| Data extracted from a collection |
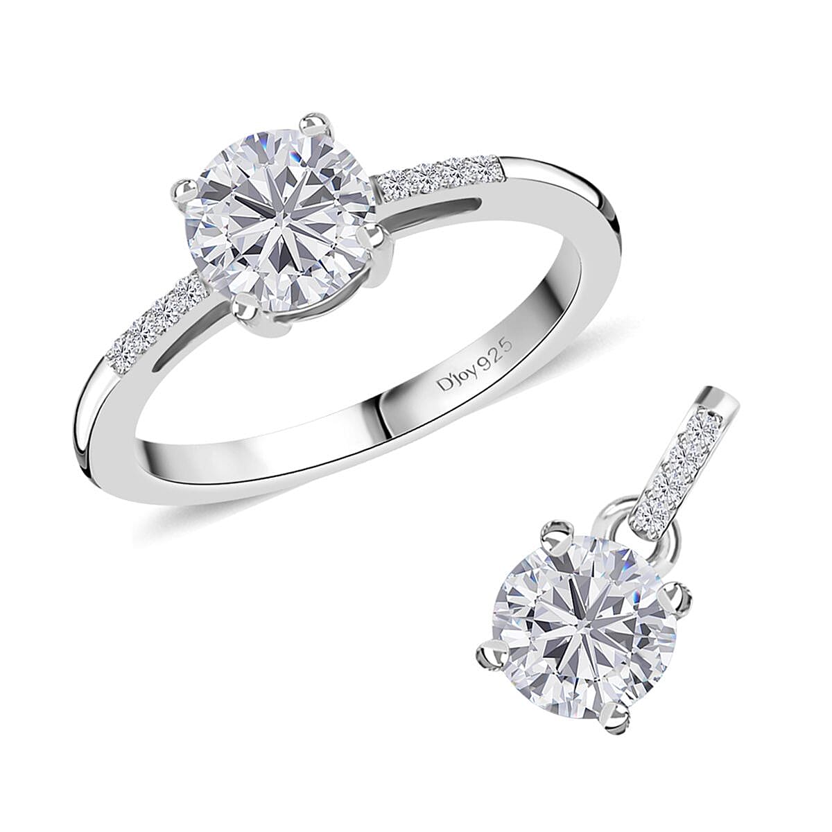 Moissanite Ring (Size 5.0) and Pendant in Platinum Over Sterling Silver 1.60 ctw
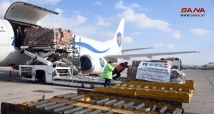 دمشق-سانا وصلت اليوم طائرة تحمل دفعة جديدة من المساعدات الباكستانية الإنسانية إلى مطار دمشق الدولي، تضم 17 طناً من مواد
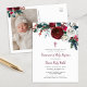 Barato com impressão personalizada de uma menina Baptism. Este bonito design de Natal tem uma borda floral de aquarelas com flores de burgundy e creme, bagas sagradas e verde de inverno. Personalize a design com os detalhes da festa Baptism do seu filho. O verso tem espaço para uma fotografia com o seu endereço de devolução impresso para facilitar a correspondência. Clique em Personalizar para escolher qualquer cor de fundo e editar as fontes e cores do texto para criar um convite exclusivo de Natal para a sua bebê.
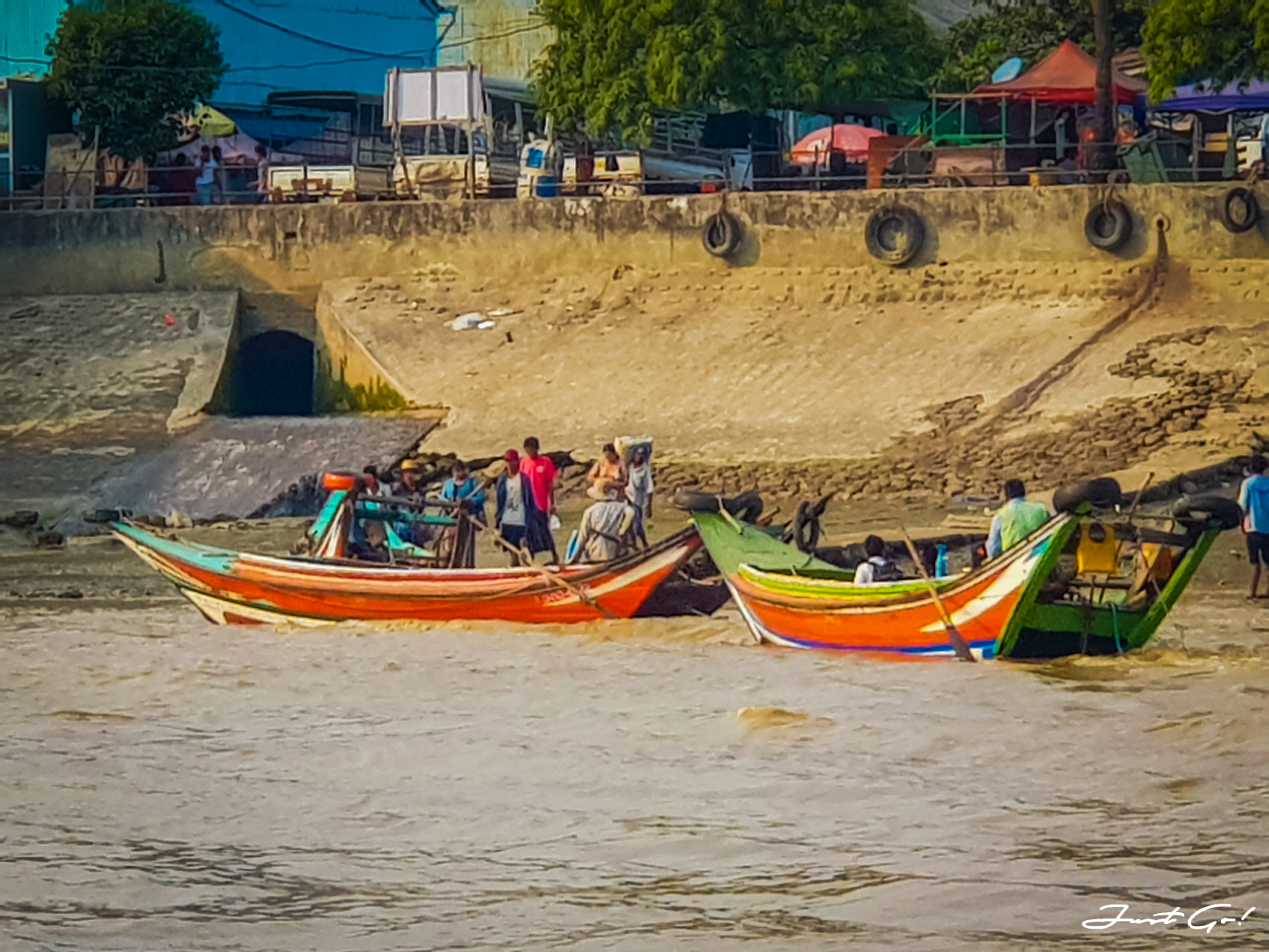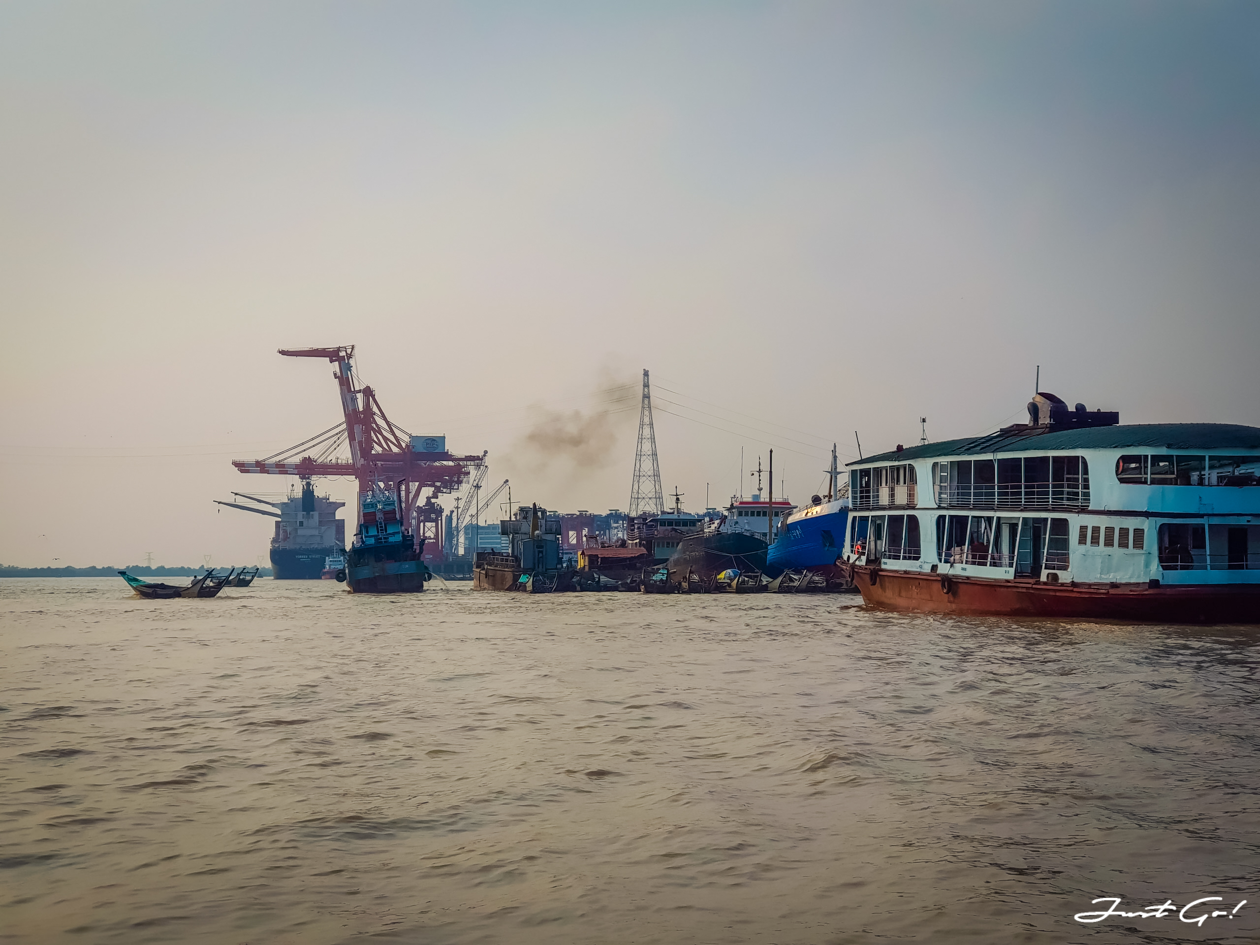 不過能用少少的費用,瀏覽仰光河港兩岸的景色,不為也是一種蠻不錯的體驗。沿途也看到當地人搭乘的小型人力船,看著這些小船搖搖晃晃的橫渡河岸,不免讓人感覺心驚膽顫,不過看到當地人似乎已經習慣搭乘這種小船,儼然已是他們的日常。
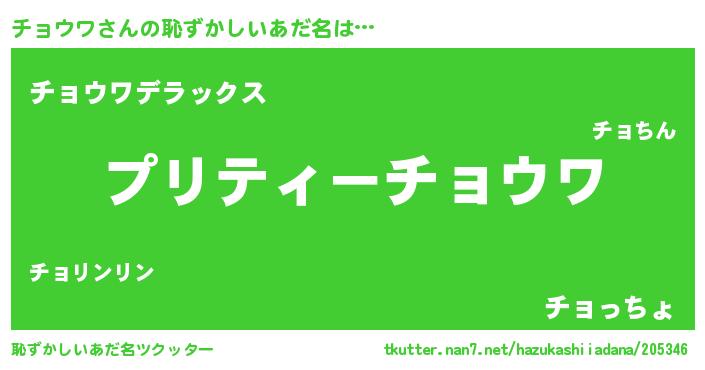 | 欧米人風あだ名 | 『トリンドルチョウワ』 |

| WHAT THIS TASK INVOLVES |
From the first line of the records through the line with "دمشق-سانا وصلت اليوم", reproduce each line exactly and leave the pictures out.

| SOLUTION FOR THIS TASK |
 Moissanite Ring (Size 5.0) and Pendant in Platinum Over Sterling Silver 1.60 ctw
 دمشق-سانا وصلت اليوم طائرة تحمل دفعة جديدة من المساعدات الباكستانية الإنسانية إلى مطار دمشق الدولي، تضم 17 طناً من مواد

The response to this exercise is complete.